What everyone is overlooking is that the Bears believe Dayo Odeyingbo is entering his prime and should be on the field a lot. This topic has gotten way more discussion than is warranted this offseason. The Bears will be a lot more creative getting after the quarterback with new defensive coordinator Dennis Allen, and they also should be better pushing the pocket and penetrating on the interior with players such as Grady Jarrett.

Yes, I think it is very evident that the Bears plan to scheme pass rush more this year. Again, via Biggs:

Odeyingbo also has the flexibility to move around on the line, and one longtime defensive coach predicted Allen is going to be especially creative in identifying the opposing offensive lineman he wants to attack in critical situations.

“The Bears are going to use a lot of disguise,” the coach said. “There will be a lot of changing the picture post-snap. You have to have versatile defenders that can play from different alignments and different levels of the field.

“You’ll see fronts you have not seen in Chicago for a long time. It’s not your standard four-down front or three-down front. They will have their base package. They will have a lot of loaded or tilted fronts in an effort to create a specific matchup they want to exploit. That’s probably one reason they bid big for a player like Odeyingbo. He and Sweat can both be lined up inside at tackle, too, and now you’re getting them matched up on a guard.”

In fact, as the anonymous coach pointed out, there is every sign that the Bears will use a lot of disguise this year.

[Allen] has thrown a lot at the defense, and the Bears probably have more wrinkles on that side of the ball than they’ve had in a while. Allen has rolled out some three-safety packages in the first week, and [safety Jaquan] Brisker likes how he has a lot of different responsibilities.

“I’m going to be close to the line of scrimmage,” he said. “Sometimes I’ll be back. But I love being closer to the line of scrimmage. Really just having me anywhere where you’ve got to account for me, trying to see where I’m at.

“Just like (coach) Ben (Johnson) said the other day, you’ve got to know where (No.) 9 is, and that’s true. I’ll be close, I’ll be in the back, I might be outside corner, I might be in the slot. You never know.”

So the odds are that the defense will be much more multiple and, indeed, just the other day, Johnson invoked the name of history’s most successful multiple team, Bill Belichick‘s New England Patriots.

Fans love this kind of stuff and there’s an inherent feeling that blitzing and confusing defenses with different formations and a lot of late movement is always better. But it’s not easy.

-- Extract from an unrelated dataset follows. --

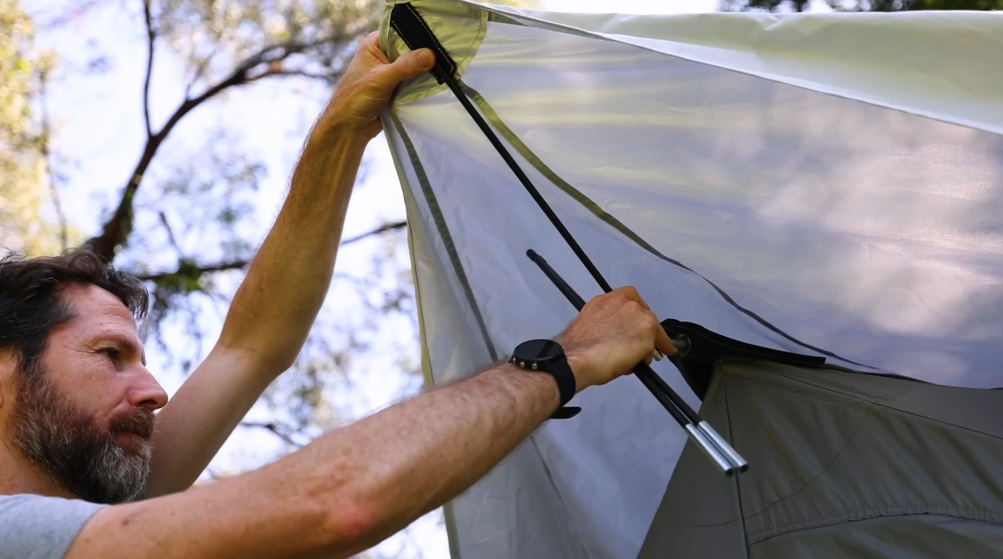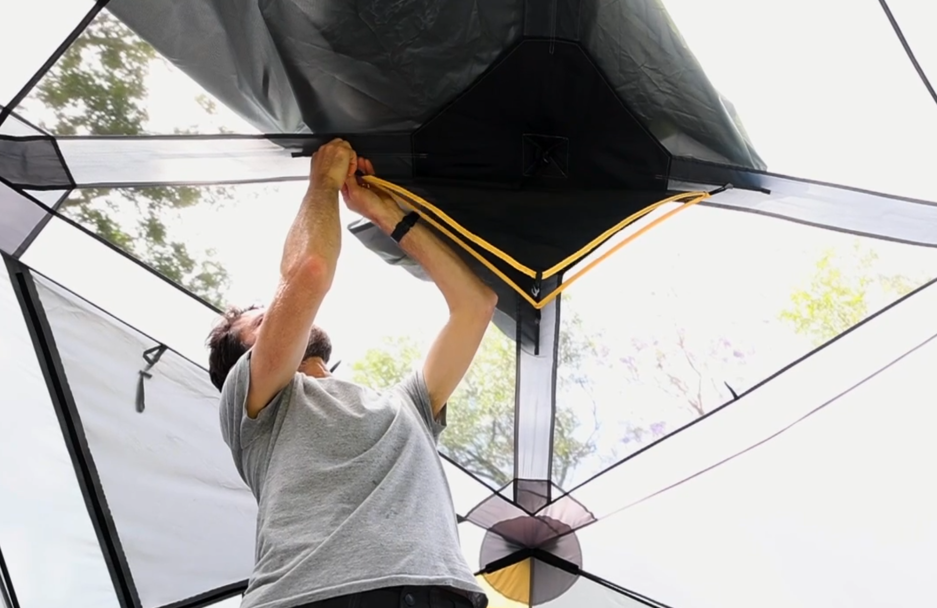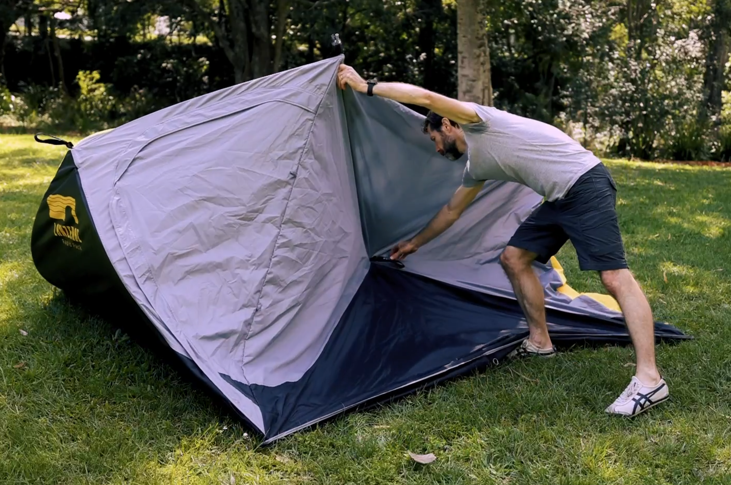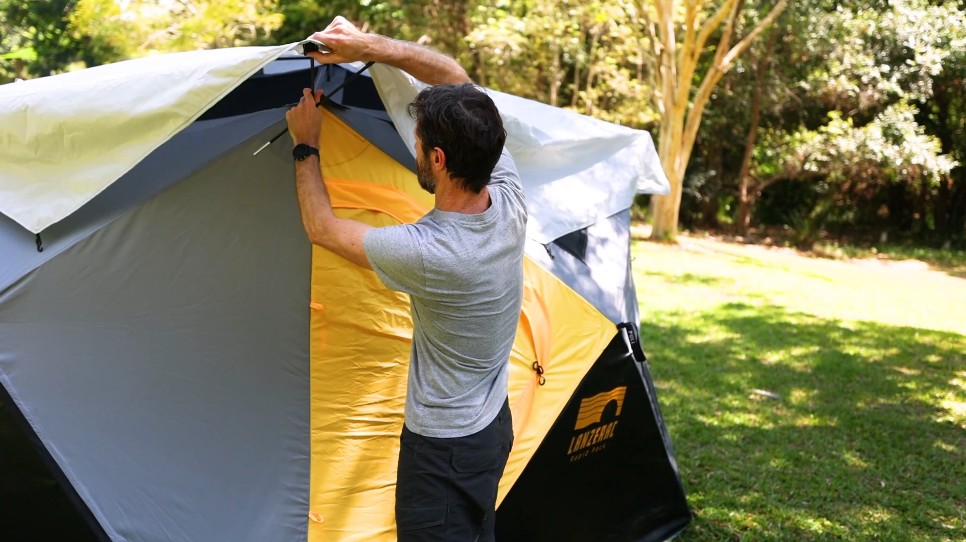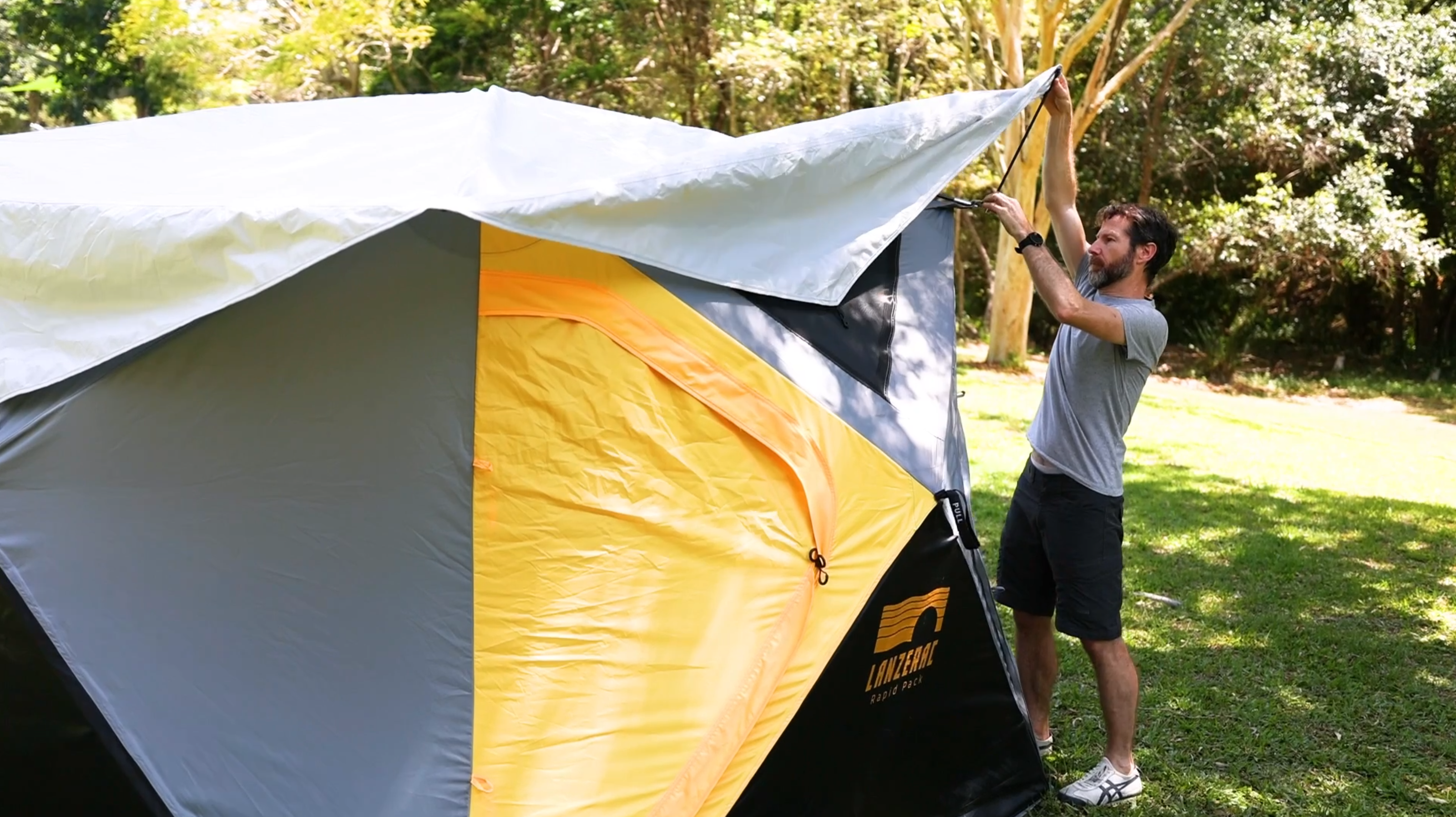 Pop out the four sides in any order, step inside and push the ceiling upward. Fix the corners of the fly, and you're all set.

Right now, the defense that I look at in the league that creates the most pressure on offenses in this way is the Minnesota Vikings, and defensive coordinator Brian Flores has become famous for it. The Vikings were fifth in points allowed last season. But, despite having one of the best offensive head coaches in the game, the Vikings lost in the first round of the playoffs to the Rams and never sniffed the Super Bowl.

The truth was that, despite ranking in the top 10 in points allowed, the Vikings defense made their fair share of mistakes. There are also a lot of holes left in that defense that can be exploited by offenses that know what they’re doing (like the Rams under Sean McVay). In the end, the Vikings were only 17th in total yards per game.

I’m not saying it’s the wrong thing to do, either for the Vikings or the Bears. But I am saying that, though Allen is a good coach, the Bears will be in their first year doing it with a new coaching staff. And even when it’s done reasonably well, as the Vikings did it, it’s not always better than a defense which is less fancy but executed well.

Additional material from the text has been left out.